4)    Rebuilding Program - Phase 3 (Years 11 – 21). The combination of fishery and harvest management actions is projected to result on average in the achievement of spawner goals for the North & Willapa populations in the years 16-21. Additional fishery and hatchery management actions will be considered during this time period if the progress toward the spawner objectives is inconsistent with expectations.


5)    Fishery Management Objectives. The fishery management objectives for fall Chinook salmon, in priority order, are to:


a.    Achieve spawner goals for the primary stocks of natural-origin Chinook and hatchery reform broodstock objectives through the three phase rebuilding program described above.


b.    Provide for a full recreational fishing season. The impact rate of the recreational fishery is anticipated to be ~3.2% during the initial years of the policy, but may increase in subsequent years to provide for a full recreational season as described below:


·         A full marine recreational season means that Willapa Bay will be open concurrent with Area 2, two rods will be allowed per angler, a daily bag limit of six fish, with release of unclipped Chinook salmon.


·         A full freshwater recreational season means an opening on August 1 in the Willapa, Nemah, and Naselle rivers, two rods will be allowed per angler, a daily bag limit of four fish, with release of unclipped Chinook salmon.

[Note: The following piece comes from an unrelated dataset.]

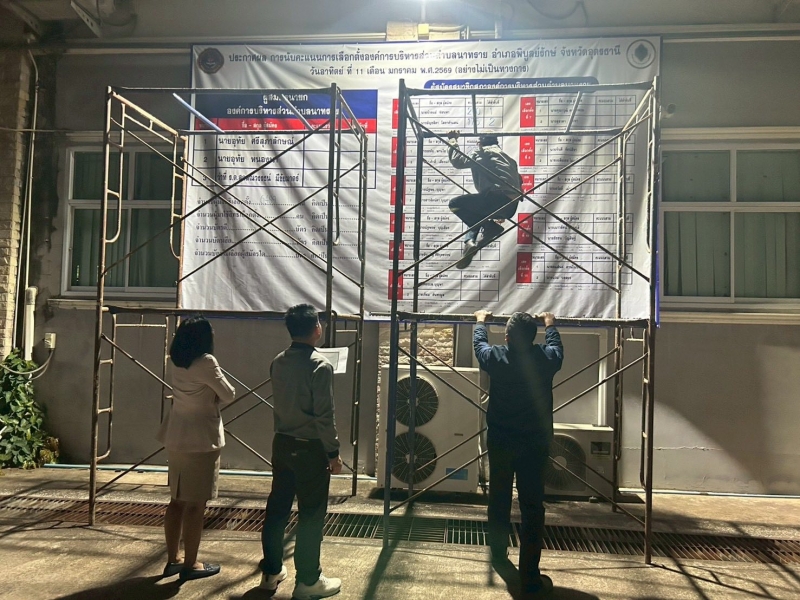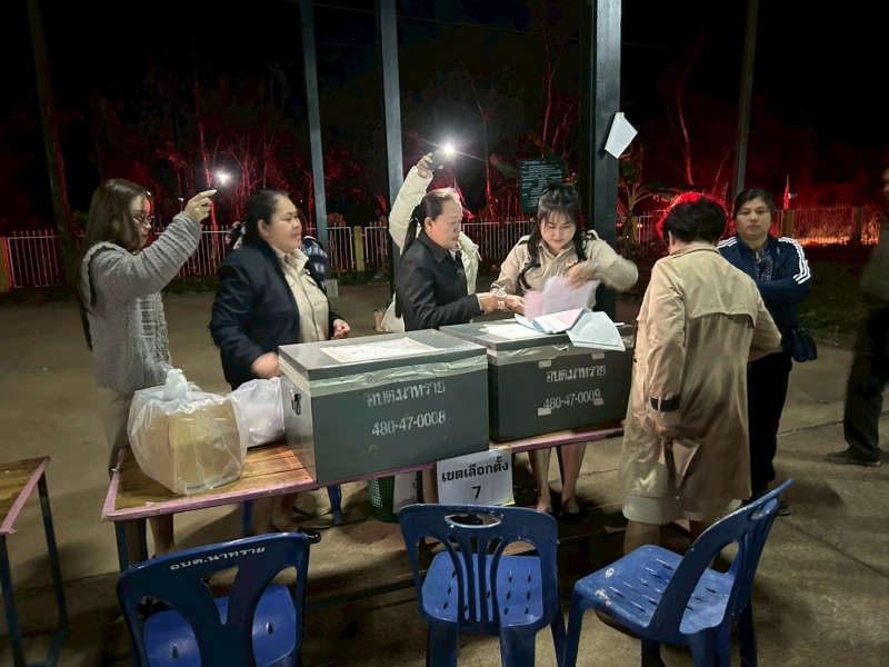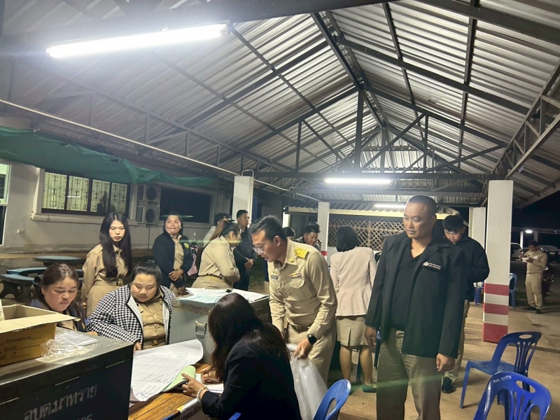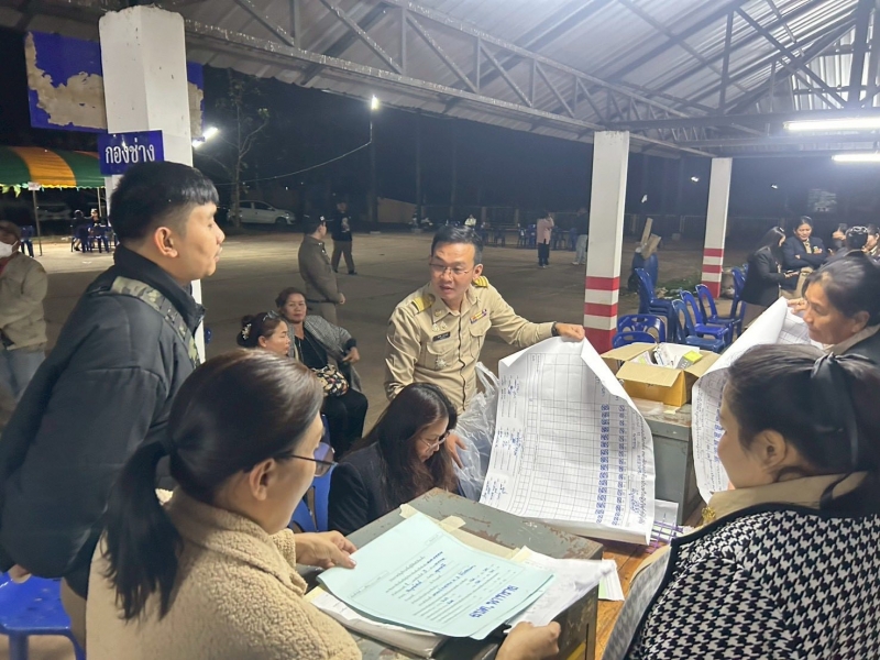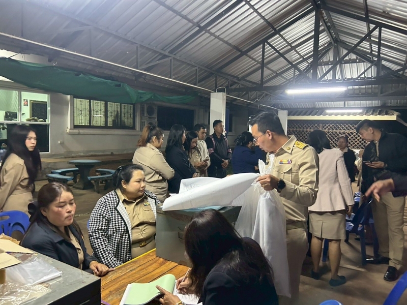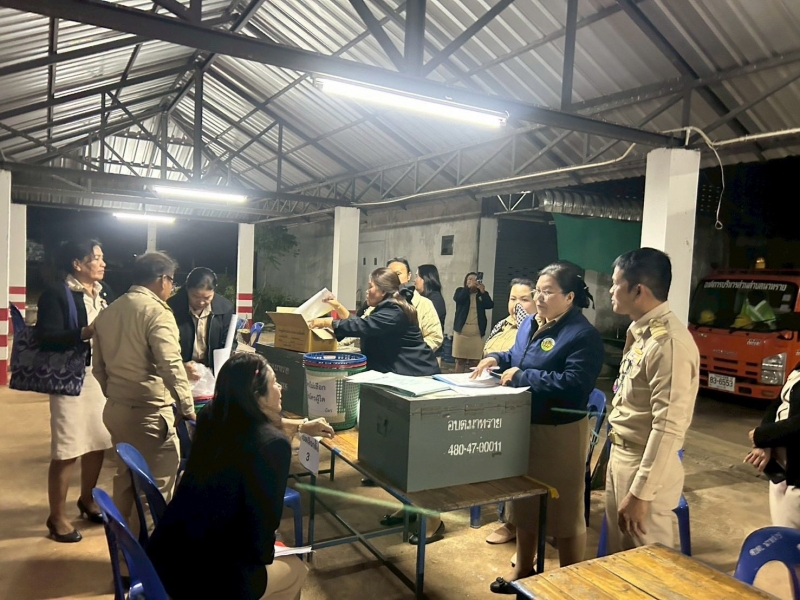นางสาววาสนา ดำโดด ผู้อำนวยการกานเลือกตั้งประจำองค์การบริหารส่วนตำบลนาทราย พร้อมด้วยคณะกรรมการการเลือกตั้งประจำองค์การบริหารส่วนตำบลนาทราย รับมอบหีบบุตรเลือกตั้ง ทั้ง 11 เขตเลือกตั้ง

·         Conservation actions, as necessary, shall be shared equally between marine and freshwater fisheries.




c.    Provide opportunities for commercial fisheries within the remaining available fishery impacts.


6)    Fishery Management in Phase 1. To facilitate a transition to the Willapa River as the primary Chinook salmon population, fisheries during the transition period will be managed with the following intent:


a.    The impact rate on Willapa River natural-origin fall Chinook in Willapa Bay fisheries shall not exceed 20%. Within this impact rate cap, the priority shall be to maintain a full season of recreational fisheries for Chinook salmon in the Willapa Bay Basin


b.    No commercial Chinook fisheries shall occur in areas 2T and 2U prior to Labor Day. Commercial fisheries in areas 2T and 2U after Labor Day but before Sept. 16 shall use mark-selective fishing gear (6.5” maximum mesh in 2T and 4.5” maximum mesh tangle net in 2U) and recovery boxes.

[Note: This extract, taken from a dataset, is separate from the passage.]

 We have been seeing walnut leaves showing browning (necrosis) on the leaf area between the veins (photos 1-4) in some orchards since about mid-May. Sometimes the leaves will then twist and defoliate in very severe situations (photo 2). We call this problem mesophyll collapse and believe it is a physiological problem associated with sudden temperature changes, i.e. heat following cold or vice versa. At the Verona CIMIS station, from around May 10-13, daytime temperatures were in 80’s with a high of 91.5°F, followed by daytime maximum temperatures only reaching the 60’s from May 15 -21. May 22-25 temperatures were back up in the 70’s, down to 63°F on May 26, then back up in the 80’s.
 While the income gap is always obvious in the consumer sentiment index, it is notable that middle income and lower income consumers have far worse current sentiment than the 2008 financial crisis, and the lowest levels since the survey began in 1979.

c.    No commercial Chinook fisheries shall occur in areas 2M, 2N, 2P and 2R prior to August 16.


7)    Fishery Management After Phase 1. Fisheries in the Willapa Bay Basin during the Chinook salmon management period (prior to September 16) will be managed with the intent of:


a.    Limiting the fishery impact rate on Willapa River natural-origin fall Chinook salmon to no more than 14%.


b.    No commercial fisheries shall occur within areas 2T and 2U prior to September. 16.


c.    No commercial Chinook fisheries shall occur in areas 2M, 2N, 2P and 2R prior to August 16.


8)    Hatchery Production. Within budgetary constraints, and at the earliest feasible date, the Department shall seek to implement the following hatchery production of fall Chinook salmon:


·         3.30 million at Naselle Hatchery

i.    300,000 highly integrated

ii.    3 million from first generation returns of highly integrated stock

·         3.30 million at Nemah Hatchery

·         0.35 million at Forks Creek Hatchery


9)    Enhanced Hatchery Production. The Department shall work with our partners to secure



resources to increase production of fall Chinook salmon at Naselle Hatchery by an additional 2.7 million subyearlings.